═══ Entries supplied ═══

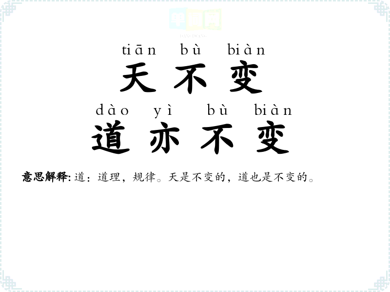 | 天不变,道亦不变 | 道:道理,规律。天是不变的,道也是不变的。 |
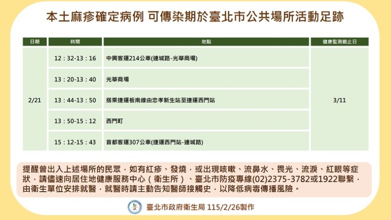 新北市新增1例麻疹本土確定病例,經衛生單位疫調,確診個案於可傳染期間曾於2月21日中午12時32分至下午1時16分搭乘中興客運214公車自連城路至光華商場站,下午1時20分至1時40分於光華商場購物,於1時44分至1時50分搭乘捷運板南線自忠孝新生站至西門站,並在西門町逛街至下午3時許,下午3時12分至3時43分搭乘首都客運307公車返家,臺北市政府衛生局表示相關場域及搭乘過的捷運與公車均已加強清消,提醒曾經與確診者足跡重疊者,請自主健康監測18天。
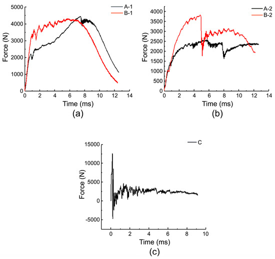 Force–time curve of specimens under low-speed impact: (a) force–time curves of specimens A-1 and B-1; (b) force–time curves of specimens A-2 and B-2; (c) force–time curves of specimen C.
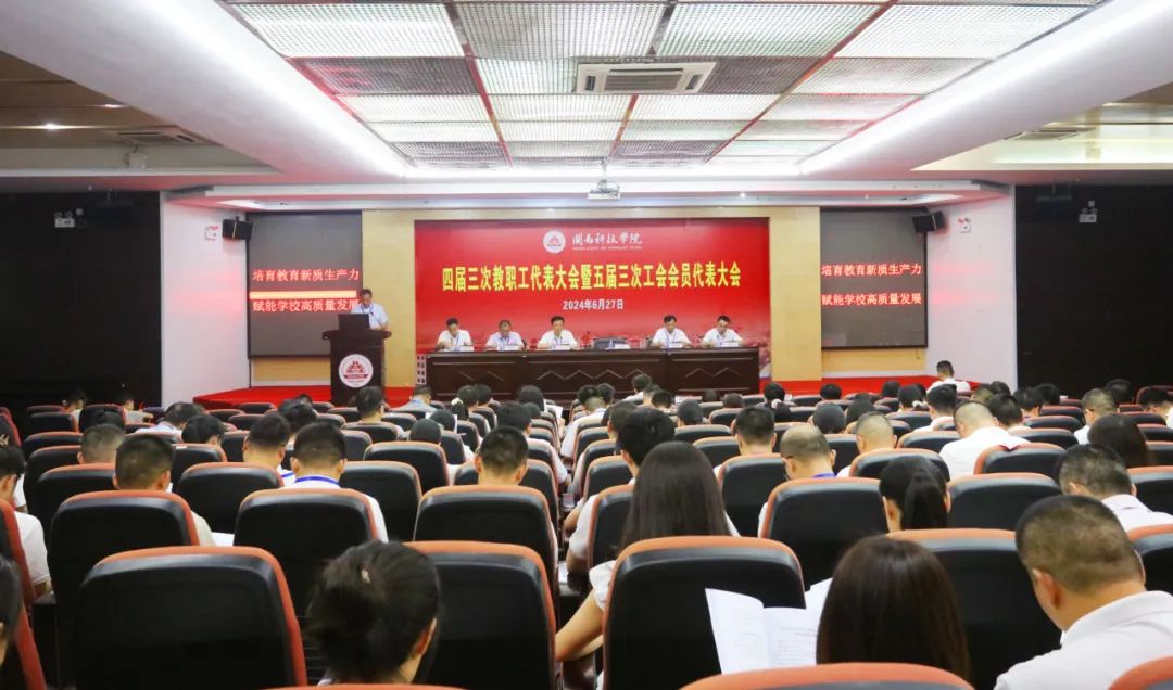 在第一次全体会议上,校常务副校长周勇军作题为《培育教育新质生产力,赋能学校高质量发展》的学校工作报告。报告对一学年来学校工作和取得的成绩进行总结,深入分析当前学校发展面临的新形势新任务和存在的困难问题,提出了当前及今后一段时期的主要工作思路、具体任务和明确要求,强调全体教职工必须准确把握前进方向,聚焦“办好人民满意的教育”的奋斗目标,奋力抓好党的建设、学科专业、教学改革、科研创新、人才队伍、内部治理等事关学校发展全局的主要工作,心往一处想、劲往一处使、拧成一股绳,全力以赴谋发展、抓发展、促发展,全面推进本科教学工作合格评估,奋力开创学校事业高质量发展新局面。
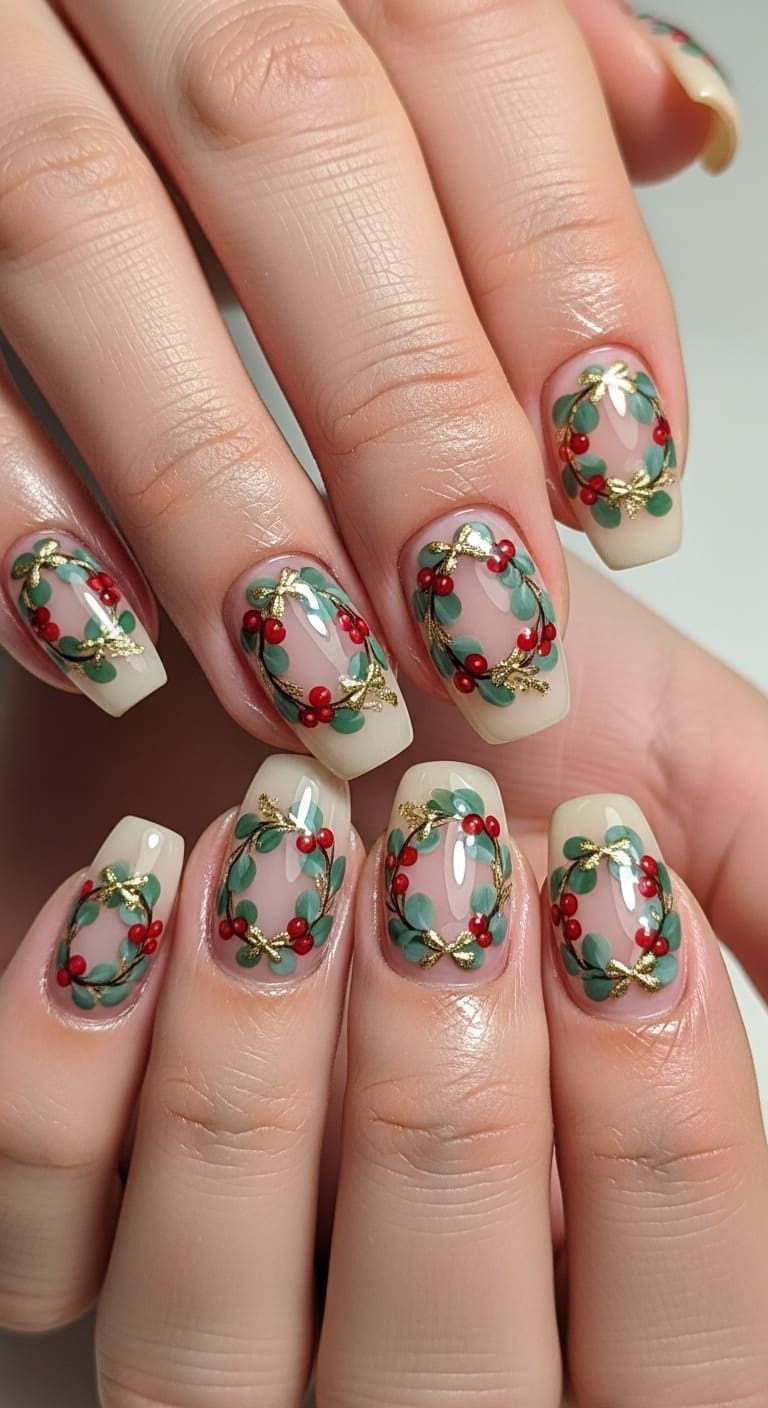 Delicate botanical designs that mimic holiday wreaths transform your nails into tiny canvases of nature-inspired art. These intricate designs feature leaves, berries, and sometimes even tiny flowers arranged in circular patterns.
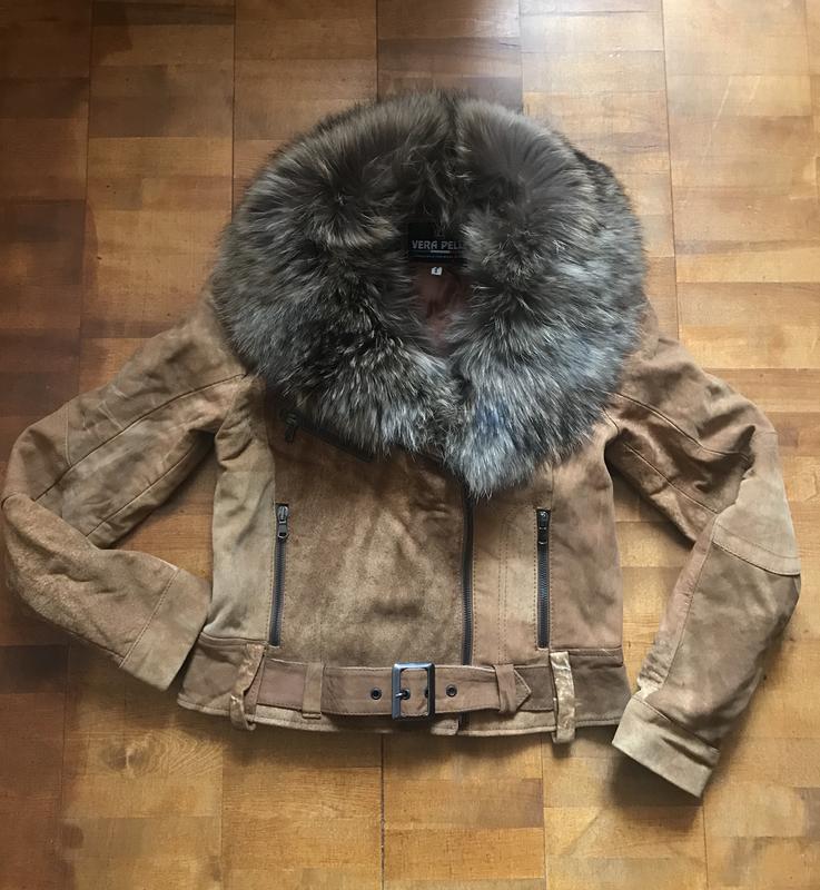 Італійська шкіряна куртка,замшева,дуже м'яка,на підкладці{фото 6}.Хутряний комір відчіплюється {фото 5 та ж модель тільки синя}.Розмір XS/S залишилася одна.Ззаду металевий логотип HE-HumanEvolution.Пог-43-44;Піт-39;довжина-53 і довжина рукава 60см.
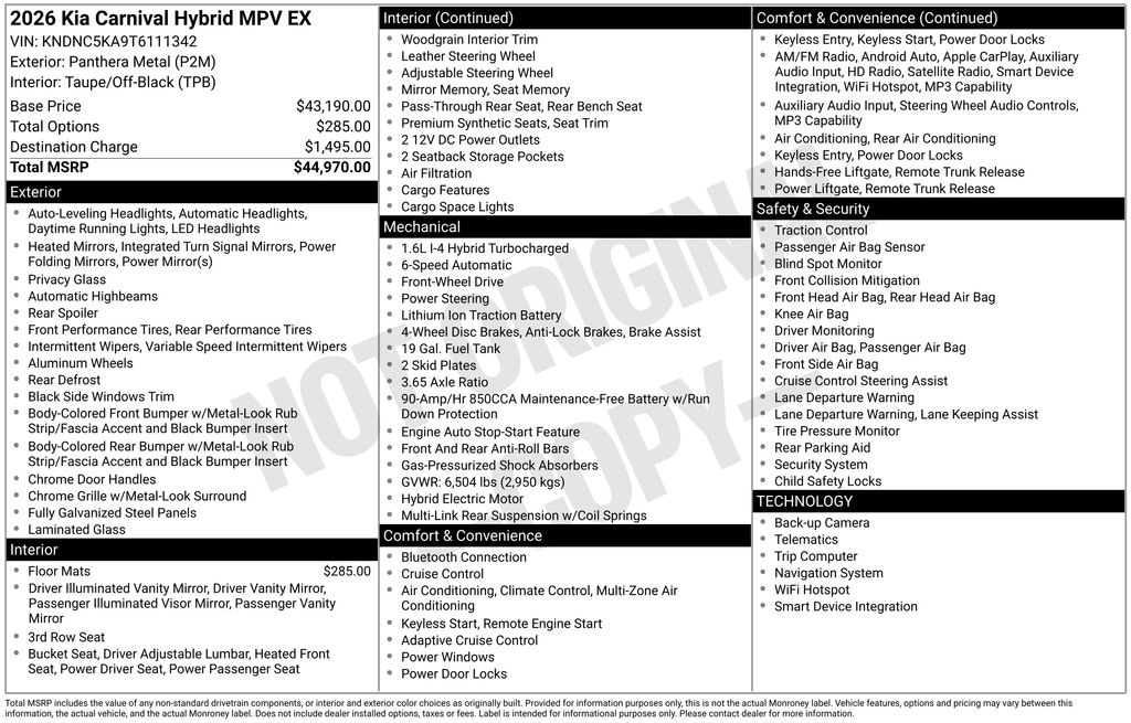Panthera Metal 2026 Kia Carnival Hybrid EX 4D Passenger Van FWD 6-Speed Automatic 1.6L I4 DGI Hybrid Turbocharged DOHC 16V LEV3-SULEV30 34/31 City/Highway MPG Price includes: $1000 - KFA Dealer Choice Program: $1000 discount and 5.25% APR for 36 months. $30.08 per $1000 financed. Available to well qualified buyers who finance through Kia Finance America. 506. Exp. 01/02/2026 $500 - Military Program. Exp. 01/02/2026
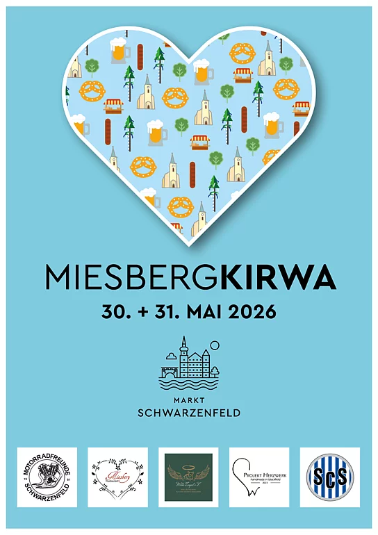 14:30 Uhr Kirwabaum-Festzug der Vereine von der Feuerwehr Schwarzenfeld zum Miesberg. Danach Aufstellen des Kirwabaums durch die Vereine mit Musik der Musikkapelle Schwarzenfeld und Kreitz & Quer, Verlosung des Baums, Ausschank und Essen sowie Tänze und Plattler des Volks- und Gebirgstrachtenvereins D'Miesbergler. - Sonntag 31.05.2026
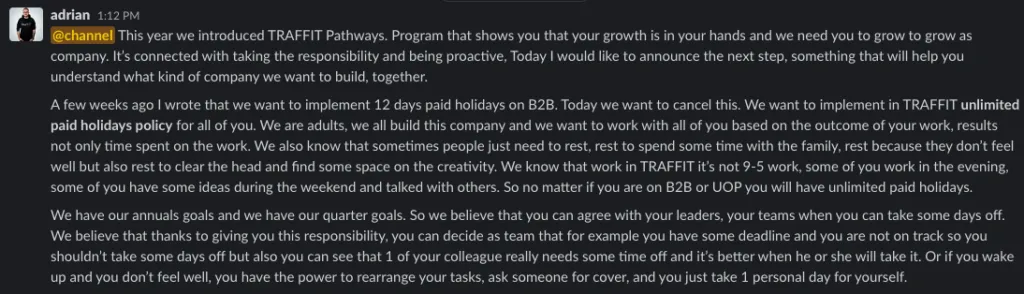 Anika: Pomysł o wprowadzeniu unlimited PTO wyszedł od Adriana Wolaka, CEO TRAFFIT oraz Micka Griffin, Chief of Growth. Zanim jednak został on wdrożony w życie, cały pomysł został przedyskutowany z managerami każdego z zespołów. Chcieliśmy wspólnie podjąć ostateczną decyzję z przekonaniem, że nie będzie to szkodziło żadnemu departamentów oraz że osoby zarządzające innymi osobami również widzą w tym korzyść.
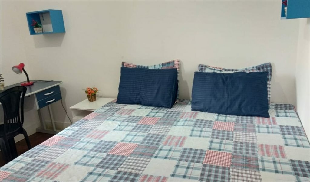 # QUARTO INDIVIDUAL DCE a R$ 640,00 (quarto peq. que fica em área de serviço/cozinha): quarto confortável com Pé-direito Alto, Cama BOX solteiro + Colchão D33 (pode trazer o seu se preferir :D), Guarda-roupa de uma porta + gavetas, Armário aéreo de uma porta, Armário aéreo de duas portas, Nincho de parede para livros e objetos pessoais, Bancada para estudos, Cadeira, Ventilador de teto, Basculante, Cortina Blackout, Internet de 600megas. Acrescenta r$15, mensal para manutenção de pintura do imóvel.

═══

**Try it**:
Give back the records above word for word, minus any image they hold.

**Result of this exercise**:
 | 天不变,道亦不变 | 道:道理,规律。天是不变的,道也是不变的。 |
 新北市新增1例麻疹本土確定病例,經衛生單位疫調,確診個案於可傳染期間曾於2月21日中午12時32分至下午1時16分搭乘中興客運214公車自連城路至光華商場站,下午1時20分至1時40分於光華商場購物,於1時44分至1時50分搭乘捷運板南線自忠孝新生站至西門站,並在西門町逛街至下午3時許,下午3時12分至3時43分搭乘首都客運307公車返家,臺北市政府衛生局表示相關場域及搭乘過的捷運與公車均已加強清消,提醒曾經與確診者足跡重疊者,請自主健康監測18天。
 Force–time curve of specimens under low-speed impact: (a) force–time curves of specimens A-1 and B-1; (b) force–time curves of specimens A-2 and B-2; (c) force–time curves of specimen C.
 在第一次全体会议上,校常务副校长周勇军作题为《培育教育新质生产力,赋能学校高质量发展》的学校工作报告。报告对一学年来学校工作和取得的成绩进行总结,深入分析当前学校发展面临的新形势新任务和存在的困难问题,提出了当前及今后一段时期的主要工作思路、具体任务和明确要求,强调全体教职工必须准确把握前进方向,聚焦“办好人民满意的教育”的奋斗目标,奋力抓好党的建设、学科专业、教学改革、科研创新、人才队伍、内部治理等事关学校发展全局的主要工作,心往一处想、劲往一处使、拧成一股绳,全力以赴谋发展、抓发展、促发展,全面推进本科教学工作合格评估,奋力开创学校事业高质量发展新局面。
 Delicate botanical designs that mimic holiday wreaths transform your nails into tiny canvases of nature-inspired art. These intricate designs feature leaves, berries, and sometimes even tiny flowers arranged in circular patterns.
 Італійська шкіряна куртка,замшева,дуже м'яка,на підкладці{фото 6}.Хутряний комір відчіплюється {фото 5 та ж модель тільки синя}.Розмір XS/S залишилася одна.Ззаду металевий логотип HE-HumanEvolution.Пог-43-44;Піт-39;довжина-53 і довжина рукава 60см.
Panthera Metal 2026 Kia Carnival Hybrid EX 4D Passenger Van FWD 6-Speed Automatic 1.6L I4 DGI Hybrid Turbocharged DOHC 16V LEV3-SULEV30 34/31 City/Highway MPG Price includes: $1000 - KFA Dealer Choice Program: $1000 discount and 5.25% APR for 36 months. $30.08 per $1000 financed. Available to well qualified buyers who finance through Kia Finance America. 506. Exp. 01/02/2026 $500 - Military Program. Exp. 01/02/2026
 14:30 Uhr Kirwabaum-Festzug der Vereine von der Feuerwehr Schwarzenfeld zum Miesberg. Danach Aufstellen des Kirwabaums durch die Vereine mit Musik der Musikkapelle Schwarzenfeld und Kreitz & Quer, Verlosung des Baums, Ausschank und Essen sowie Tänze und Plattler des Volks- und Gebirgstrachtenvereins D'Miesbergler. - Sonntag 31.05.2026
 Anika: Pomysł o wprowadzeniu unlimited PTO wyszedł od Adriana Wolaka, CEO TRAFFIT oraz Micka Griffin, Chief of Growth. Zanim jednak został on wdrożony w życie, cały pomysł został przedyskutowany z managerami każdego z zespołów. Chcieliśmy wspólnie podjąć ostateczną decyzję z przekonaniem, że nie będzie to szkodziło żadnemu departamentów oraz że osoby zarządzające innymi osobami również widzą w tym korzyść.
 # QUARTO INDIVIDUAL DCE a R$ 640,00 (quarto peq. que fica em área de serviço/cozinha): quarto confortável com Pé-direito Alto, Cama BOX solteiro + Colchão D33 (pode trazer o seu se preferir :D), Guarda-roupa de uma porta + gavetas, Armário aéreo de uma porta, Armário aéreo de duas portas, Nincho de parede para livros e objetos pessoais, Bancada para estudos, Cadeira, Ventilador de teto, Basculante, Cortina Blackout, Internet de 600megas. Acrescenta r$15, mensal para manutenção de pintura do imóvel.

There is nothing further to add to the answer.